## Exercise instructions
Among the records below, find the line with "Mèo thần tài" and the line with "This Nike kids". Set down both and every line between, exactly and with no pictures, but nothing else.

## Records shown
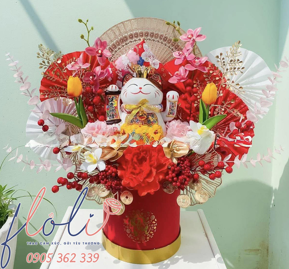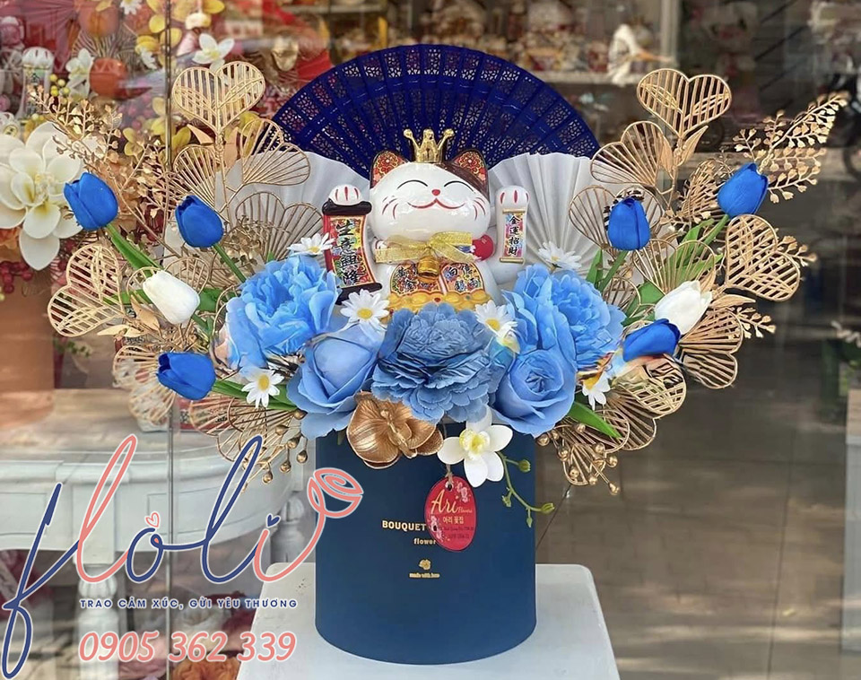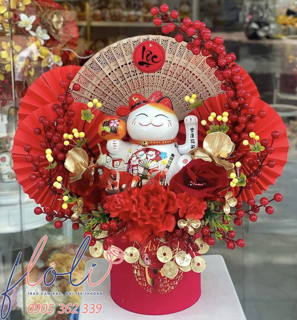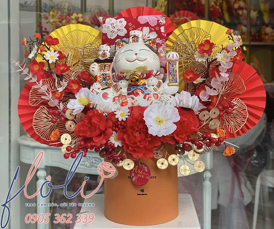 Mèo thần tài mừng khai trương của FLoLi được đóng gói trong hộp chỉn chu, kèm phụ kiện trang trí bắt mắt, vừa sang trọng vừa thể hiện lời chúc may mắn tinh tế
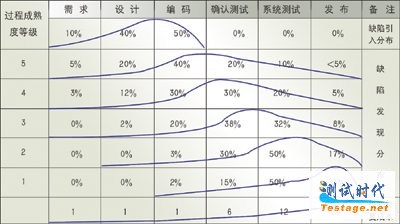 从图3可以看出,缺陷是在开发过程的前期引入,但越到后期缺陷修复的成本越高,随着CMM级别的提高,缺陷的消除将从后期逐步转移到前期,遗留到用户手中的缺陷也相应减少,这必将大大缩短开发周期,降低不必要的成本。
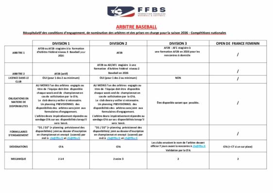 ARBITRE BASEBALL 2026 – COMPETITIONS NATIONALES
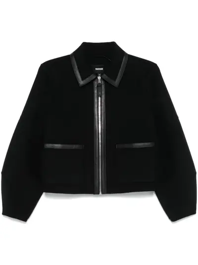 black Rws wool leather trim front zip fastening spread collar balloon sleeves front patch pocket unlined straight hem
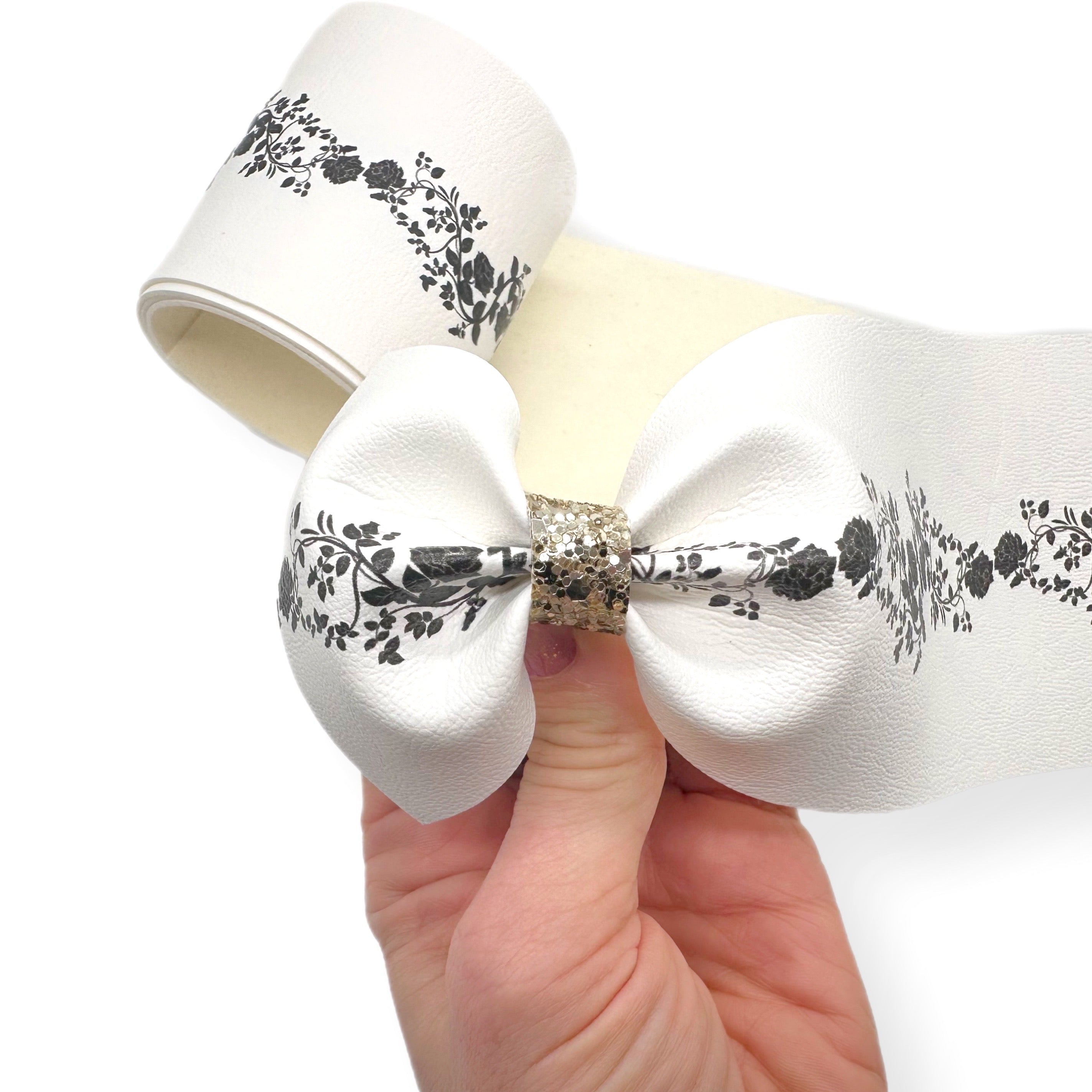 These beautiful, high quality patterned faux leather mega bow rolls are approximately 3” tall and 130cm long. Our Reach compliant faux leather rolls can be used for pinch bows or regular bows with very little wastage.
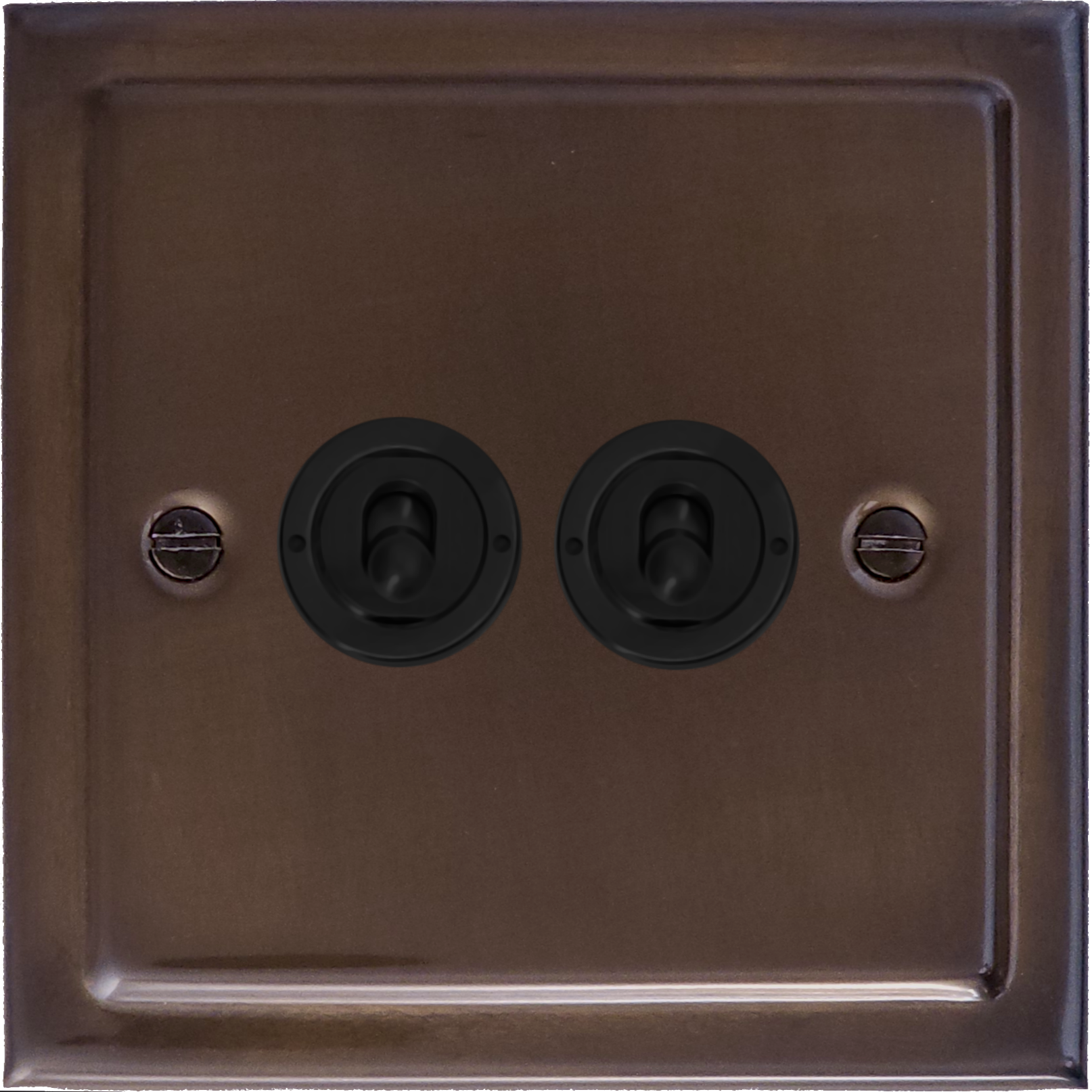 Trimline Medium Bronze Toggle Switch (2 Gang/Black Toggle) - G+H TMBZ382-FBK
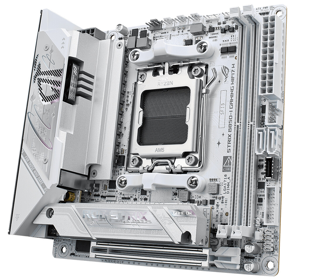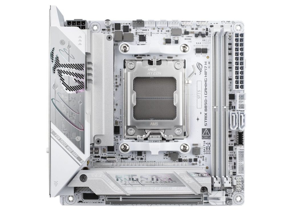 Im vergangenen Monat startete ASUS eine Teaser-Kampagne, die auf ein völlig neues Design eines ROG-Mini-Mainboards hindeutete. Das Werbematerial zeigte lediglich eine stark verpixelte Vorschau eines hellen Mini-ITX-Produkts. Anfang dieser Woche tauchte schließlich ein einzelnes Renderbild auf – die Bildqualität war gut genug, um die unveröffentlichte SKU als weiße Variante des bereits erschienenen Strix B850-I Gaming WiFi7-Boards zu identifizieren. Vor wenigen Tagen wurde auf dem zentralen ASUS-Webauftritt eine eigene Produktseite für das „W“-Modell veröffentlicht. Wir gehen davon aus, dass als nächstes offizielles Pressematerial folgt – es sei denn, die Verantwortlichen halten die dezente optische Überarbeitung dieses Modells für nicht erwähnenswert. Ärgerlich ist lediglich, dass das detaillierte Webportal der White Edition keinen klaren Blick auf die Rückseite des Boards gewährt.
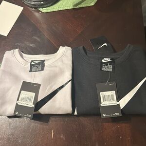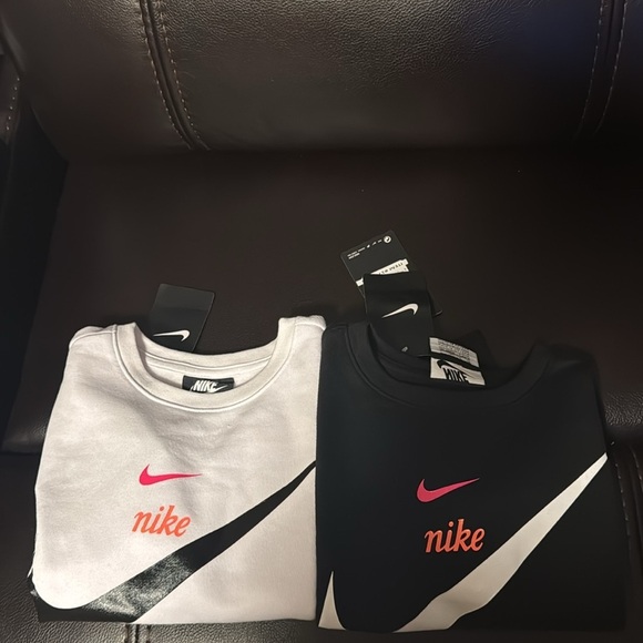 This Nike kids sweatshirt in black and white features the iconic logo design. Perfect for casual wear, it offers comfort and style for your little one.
---
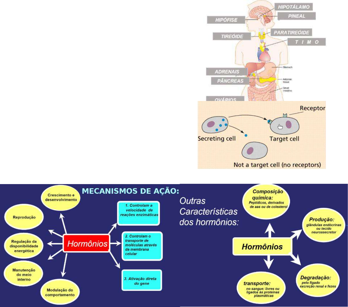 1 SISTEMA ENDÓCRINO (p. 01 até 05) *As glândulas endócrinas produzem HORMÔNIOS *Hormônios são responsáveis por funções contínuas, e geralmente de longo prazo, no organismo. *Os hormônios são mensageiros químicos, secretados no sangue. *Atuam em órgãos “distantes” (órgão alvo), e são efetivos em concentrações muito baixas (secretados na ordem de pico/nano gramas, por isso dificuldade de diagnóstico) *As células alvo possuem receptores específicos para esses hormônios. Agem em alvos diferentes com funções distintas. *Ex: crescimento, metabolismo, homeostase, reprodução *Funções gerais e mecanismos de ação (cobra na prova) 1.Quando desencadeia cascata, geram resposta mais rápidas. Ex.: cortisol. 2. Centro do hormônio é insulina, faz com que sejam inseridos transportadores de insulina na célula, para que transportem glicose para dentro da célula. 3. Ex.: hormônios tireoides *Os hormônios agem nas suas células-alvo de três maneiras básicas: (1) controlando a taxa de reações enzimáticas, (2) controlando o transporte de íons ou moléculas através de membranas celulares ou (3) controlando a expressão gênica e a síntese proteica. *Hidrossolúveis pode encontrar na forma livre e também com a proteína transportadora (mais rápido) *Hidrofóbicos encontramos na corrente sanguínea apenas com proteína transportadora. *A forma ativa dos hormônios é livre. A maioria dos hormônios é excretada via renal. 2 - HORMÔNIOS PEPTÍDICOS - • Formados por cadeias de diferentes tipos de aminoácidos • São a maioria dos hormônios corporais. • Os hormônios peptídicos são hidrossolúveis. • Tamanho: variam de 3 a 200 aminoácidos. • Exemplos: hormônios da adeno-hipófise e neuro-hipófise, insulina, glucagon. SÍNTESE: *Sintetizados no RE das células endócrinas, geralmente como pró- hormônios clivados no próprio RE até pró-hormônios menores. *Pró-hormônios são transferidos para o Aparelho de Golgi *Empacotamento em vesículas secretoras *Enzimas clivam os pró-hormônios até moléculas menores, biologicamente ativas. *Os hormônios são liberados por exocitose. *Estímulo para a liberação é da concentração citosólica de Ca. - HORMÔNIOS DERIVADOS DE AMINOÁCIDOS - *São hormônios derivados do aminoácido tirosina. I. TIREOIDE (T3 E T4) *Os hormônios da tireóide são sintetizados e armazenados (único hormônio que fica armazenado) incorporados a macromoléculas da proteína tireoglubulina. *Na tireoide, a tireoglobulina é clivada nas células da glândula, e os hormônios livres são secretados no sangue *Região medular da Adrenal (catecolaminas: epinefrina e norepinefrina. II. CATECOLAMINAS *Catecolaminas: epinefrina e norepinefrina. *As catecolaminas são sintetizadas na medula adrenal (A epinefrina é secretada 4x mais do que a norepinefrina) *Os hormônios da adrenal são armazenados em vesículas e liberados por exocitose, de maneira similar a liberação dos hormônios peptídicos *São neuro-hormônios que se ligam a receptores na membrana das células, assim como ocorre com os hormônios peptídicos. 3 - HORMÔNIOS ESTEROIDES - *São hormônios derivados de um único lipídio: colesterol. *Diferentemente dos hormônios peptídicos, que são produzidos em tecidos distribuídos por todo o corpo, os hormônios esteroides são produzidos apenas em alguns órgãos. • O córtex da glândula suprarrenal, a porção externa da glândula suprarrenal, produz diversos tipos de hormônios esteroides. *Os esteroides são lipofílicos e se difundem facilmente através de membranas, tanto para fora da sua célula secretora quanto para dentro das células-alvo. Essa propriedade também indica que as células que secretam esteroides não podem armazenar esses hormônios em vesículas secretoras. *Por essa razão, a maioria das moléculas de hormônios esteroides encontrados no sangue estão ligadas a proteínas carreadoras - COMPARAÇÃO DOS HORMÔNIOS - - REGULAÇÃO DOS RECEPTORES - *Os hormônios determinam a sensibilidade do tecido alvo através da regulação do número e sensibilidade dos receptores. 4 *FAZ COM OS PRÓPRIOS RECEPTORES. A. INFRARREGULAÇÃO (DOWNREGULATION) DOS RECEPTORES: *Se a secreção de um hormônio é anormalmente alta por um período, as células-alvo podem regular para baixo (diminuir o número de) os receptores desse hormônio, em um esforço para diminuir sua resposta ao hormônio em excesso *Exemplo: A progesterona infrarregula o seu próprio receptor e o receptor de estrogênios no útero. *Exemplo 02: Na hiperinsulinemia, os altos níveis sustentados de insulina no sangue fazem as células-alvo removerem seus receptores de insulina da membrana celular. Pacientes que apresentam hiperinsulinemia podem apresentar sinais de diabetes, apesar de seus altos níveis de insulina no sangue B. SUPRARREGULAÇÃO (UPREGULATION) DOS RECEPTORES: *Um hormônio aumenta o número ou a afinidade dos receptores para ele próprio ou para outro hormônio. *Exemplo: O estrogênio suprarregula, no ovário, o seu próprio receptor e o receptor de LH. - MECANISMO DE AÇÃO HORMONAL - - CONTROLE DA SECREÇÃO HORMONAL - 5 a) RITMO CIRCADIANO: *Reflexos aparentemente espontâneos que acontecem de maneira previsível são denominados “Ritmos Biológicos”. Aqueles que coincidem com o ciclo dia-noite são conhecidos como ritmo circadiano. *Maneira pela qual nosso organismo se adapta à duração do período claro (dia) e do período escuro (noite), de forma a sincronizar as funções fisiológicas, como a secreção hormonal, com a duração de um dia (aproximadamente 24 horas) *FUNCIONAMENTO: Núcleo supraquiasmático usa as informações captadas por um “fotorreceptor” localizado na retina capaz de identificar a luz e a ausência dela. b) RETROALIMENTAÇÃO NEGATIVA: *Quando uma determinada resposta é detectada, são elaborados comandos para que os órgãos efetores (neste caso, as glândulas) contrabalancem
--
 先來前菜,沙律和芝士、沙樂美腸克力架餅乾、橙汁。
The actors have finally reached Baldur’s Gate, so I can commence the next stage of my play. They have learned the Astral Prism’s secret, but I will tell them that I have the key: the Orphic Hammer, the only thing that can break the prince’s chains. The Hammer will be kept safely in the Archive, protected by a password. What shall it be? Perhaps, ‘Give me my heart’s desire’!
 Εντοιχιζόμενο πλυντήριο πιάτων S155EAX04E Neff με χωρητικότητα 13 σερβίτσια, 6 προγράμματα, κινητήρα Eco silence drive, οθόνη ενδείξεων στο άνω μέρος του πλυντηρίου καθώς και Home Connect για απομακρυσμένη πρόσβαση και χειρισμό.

## Answer to this exercise
 Mèo thần tài mừng khai trương của FLoLi được đóng gói trong hộp chỉn chu, kèm phụ kiện trang trí bắt mắt, vừa sang trọng vừa thể hiện lời chúc may mắn tinh tế
 从图3可以看出,缺陷是在开发过程的前期引入,但越到后期缺陷修复的成本越高,随着CMM级别的提高,缺陷的消除将从后期逐步转移到前期,遗留到用户手中的缺陷也相应减少,这必将大大缩短开发周期,降低不必要的成本。
 ARBITRE BASEBALL 2026 – COMPETITIONS NATIONALES
 black Rws wool leather trim front zip fastening spread collar balloon sleeves front patch pocket unlined straight hem
 These beautiful, high quality patterned faux leather mega bow rolls are approximately 3” tall and 130cm long. Our Reach compliant faux leather rolls can be used for pinch bows or regular bows with very little wastage.
 Trimline Medium Bronze Toggle Switch (2 Gang/Black Toggle) - G+H TMBZ382-FBK
 Im vergangenen Monat startete ASUS eine Teaser-Kampagne, die auf ein völlig neues Design eines ROG-Mini-Mainboards hindeutete. Das Werbematerial zeigte lediglich eine stark verpixelte Vorschau eines hellen Mini-ITX-Produkts. Anfang dieser Woche tauchte schließlich ein einzelnes Renderbild auf – die Bildqualität war gut genug, um die unveröffentlichte SKU als weiße Variante des bereits erschienenen Strix B850-I Gaming WiFi7-Boards zu identifizieren. Vor wenigen Tagen wurde auf dem zentralen ASUS-Webauftritt eine eigene Produktseite für das „W“-Modell veröffentlicht. Wir gehen davon aus, dass als nächstes offizielles Pressematerial folgt – es sei denn, die Verantwortlichen halten die dezente optische Überarbeitung dieses Modells für nicht erwähnenswert. Ärgerlich ist lediglich, dass das detaillierte Webportal der White Edition keinen klaren Blick auf die Rückseite des Boards gewährt.
 This Nike kids sweatshirt in black and white features the iconic logo design. Perfect for casual wear, it offers comfort and style for your little one.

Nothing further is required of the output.